=== Stored records ===
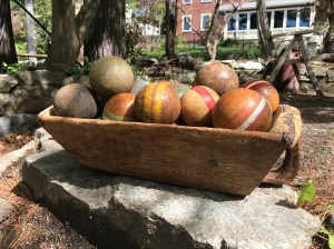 At Suzanne’s Cottage, we don’t do “shiny”. My color palette tends to be more subdued and earthy. Instead of brightly colored glass, or shiny metal, I have Croquet balls, Bocce balls, Billiard balls, Baseballs, and Softballs.
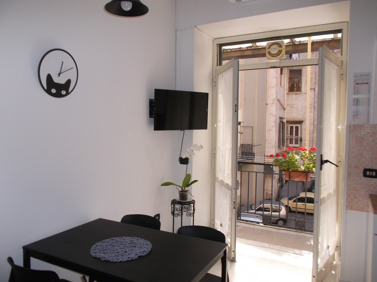 Kouzlo pobytu ve starověkém Neapoli, pár kroků od historických, uměleckých a folklorních míst ............ " V srdci historického centra s jeho rozsáhlým uměleckým a architektonickým dědictvím, které UNESCO prohlásilo za světové dědictví. Díky strategické poloze domu poznáte skutečný Neapol, který je celý v docházkové vzdálenosti ... všude kolem vás ... " Katedrála, Decumani, podzemní Neapol, starověké kostely, pizzerie, řemeslníci a slavná S. Gregorio Armeno (ulice betlémů a pastýřů) jsou jen pár kroků daleko. Apartmá se nachází v prvním patře barokního domu a jeho pokoje byly renovovány s vkusem a rafinovaností, aby se zde hosté cítili příjemně a pohodlně. Metro, letiště, vlaková nádraží, přístav a dálnice jsou snadno dostupné. Tento romantický dům, v elegantní vínové barvě, může pojmout až čtyři osoby. Skládá se z krásného a prostorného obývacího pokoje s francouzskou rozkládací pohovkou a jídelní části s plně vybavenou kuchyní. Má podkroví s manželskou postelí a koupelnu se sprchovým koutem. Apartmán je vybaven veškerým komfortem, TV, bezdrátovým připojením, nezávislým topením a klimatizací.
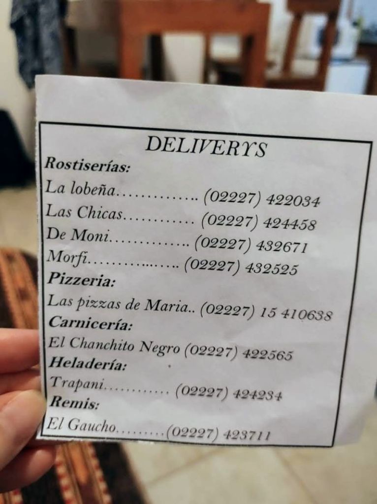 Al quedarnos una noche, no quisimos cocinar, pero como tampoco queríamos salir, pedimos delivery. Y me pareció muy cómodo que dejen un listado de opciones en la cabaña.
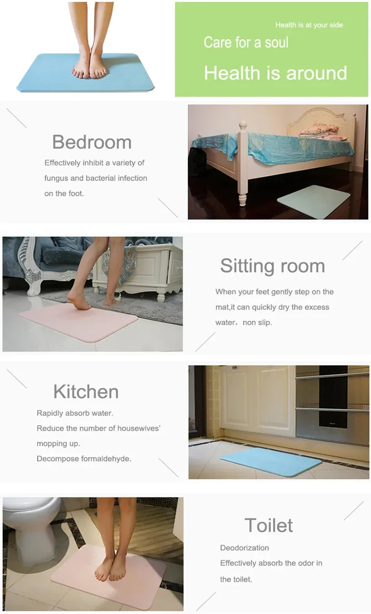 DIATOMITE BATH MAT is made of the diatomaceous earth from Mount Baitou, which has super water absorption, antibacterial deodorization, and
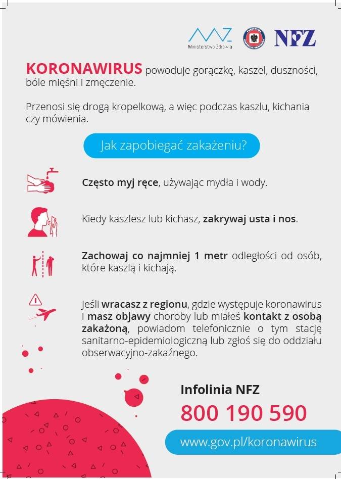 W związku z sytuacją występowania koronawirusa w Polsce, w trosce o wspólne bezpieczeństwo zdrowotne, apelujemy o przestrzegania zaleceń Państwowej Inspekcji Sanitarnej i stosowania się do wytycznych służb sanitarnych w zakresie kwarantanny i zasad higieny.
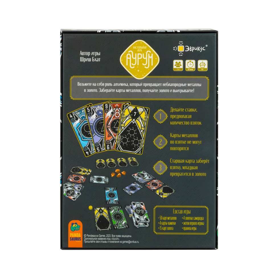 «Аурум» – конкурентная карточная игра на взятки с необычным правилом: здесь запрещено ходить картой уже выложенного металла, а золото побеждает всё. Игроки выступают в роли алхимиков, которые после долгих опытов научились превращать обычные металлы в золото и теперь соревнуются, кто лучше владеет формулой. Очки здесь приносят не только выигранные взятки, но и точные прогнозы – вам нужно заранее заявить, сколько взяток вы возьмёте в раунде, и постараться выполнить эту ставку.
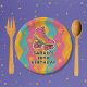 Make your roller skating party unforgettable with these custom paper plates featuring a bold pink skate with rainbow stripes, retro waves, and colorful daisy accents on the background. Personalize them with your girl's name and age for a fun and functional party detail that ties the whole theme together. Ideal table decor for birthday parties at the roller rink or at home.
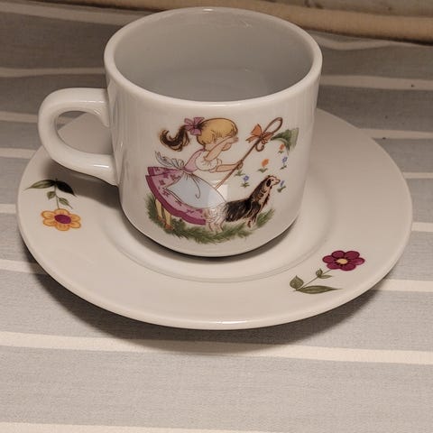 Nydelige kopper/krus merket Thomas, Liv, Gro og Sverre. Nydelige motiver av barn, med klare farger.

=== Activity ===
Produce an exact reprint of the entries, dropping the images.

=== Output of the exercise ===
 At Suzanne’s Cottage, we don’t do “shiny”. My color palette tends to be more subdued and earthy. Instead of brightly colored glass, or shiny metal, I have Croquet balls, Bocce balls, Billiard balls, Baseballs, and Softballs.
 Kouzlo pobytu ve starověkém Neapoli, pár kroků od historických, uměleckých a folklorních míst ............ " V srdci historického centra s jeho rozsáhlým uměleckým a architektonickým dědictvím, které UNESCO prohlásilo za světové dědictví. Díky strategické poloze domu poznáte skutečný Neapol, který je celý v docházkové vzdálenosti ... všude kolem vás ... " Katedrála, Decumani, podzemní Neapol, starověké kostely, pizzerie, řemeslníci a slavná S. Gregorio Armeno (ulice betlémů a pastýřů) jsou jen pár kroků daleko. Apartmá se nachází v prvním patře barokního domu a jeho pokoje byly renovovány s vkusem a rafinovaností, aby se zde hosté cítili příjemně a pohodlně. Metro, letiště, vlaková nádraží, přístav a dálnice jsou snadno dostupné. Tento romantický dům, v elegantní vínové barvě, může pojmout až čtyři osoby. Skládá se z krásného a prostorného obývacího pokoje s francouzskou rozkládací pohovkou a jídelní části s plně vybavenou kuchyní. Má podkroví s manželskou postelí a koupelnu se sprchovým koutem. Apartmán je vybaven veškerým komfortem, TV, bezdrátovým připojením, nezávislým topením a klimatizací.
 Al quedarnos una noche, no quisimos cocinar, pero como tampoco queríamos salir, pedimos delivery. Y me pareció muy cómodo que dejen un listado de opciones en la cabaña.
 DIATOMITE BATH MAT is made of the diatomaceous earth from Mount Baitou, which has super water absorption, antibacterial deodorization, and
 W związku z sytuacją występowania koronawirusa w Polsce, w trosce o wspólne bezpieczeństwo zdrowotne, apelujemy o przestrzegania zaleceń Państwowej Inspekcji Sanitarnej i stosowania się do wytycznych służb sanitarnych w zakresie kwarantanny i zasad higieny.
 «Аурум» – конкурентная карточная игра на взятки с необычным правилом: здесь запрещено ходить картой уже выложенного металла, а золото побеждает всё. Игроки выступают в роли алхимиков, которые после долгих опытов научились превращать обычные металлы в золото и теперь соревнуются, кто лучше владеет формулой. Очки здесь приносят не только выигранные взятки, но и точные прогнозы – вам нужно заранее заявить, сколько взяток вы возьмёте в раунде, и постараться выполнить эту ставку.
 Make your roller skating party unforgettable with these custom paper plates featuring a bold pink skate with rainbow stripes, retro waves, and colorful daisy accents on the background. Personalize them with your girl's name and age for a fun and functional party detail that ties the whole theme together. Ideal table decor for birthday parties at the roller rink or at home.
 Nydelige kopper/krus merket Thomas, Liv, Gro og Sverre. Nydelige motiver av barn, med klare farger.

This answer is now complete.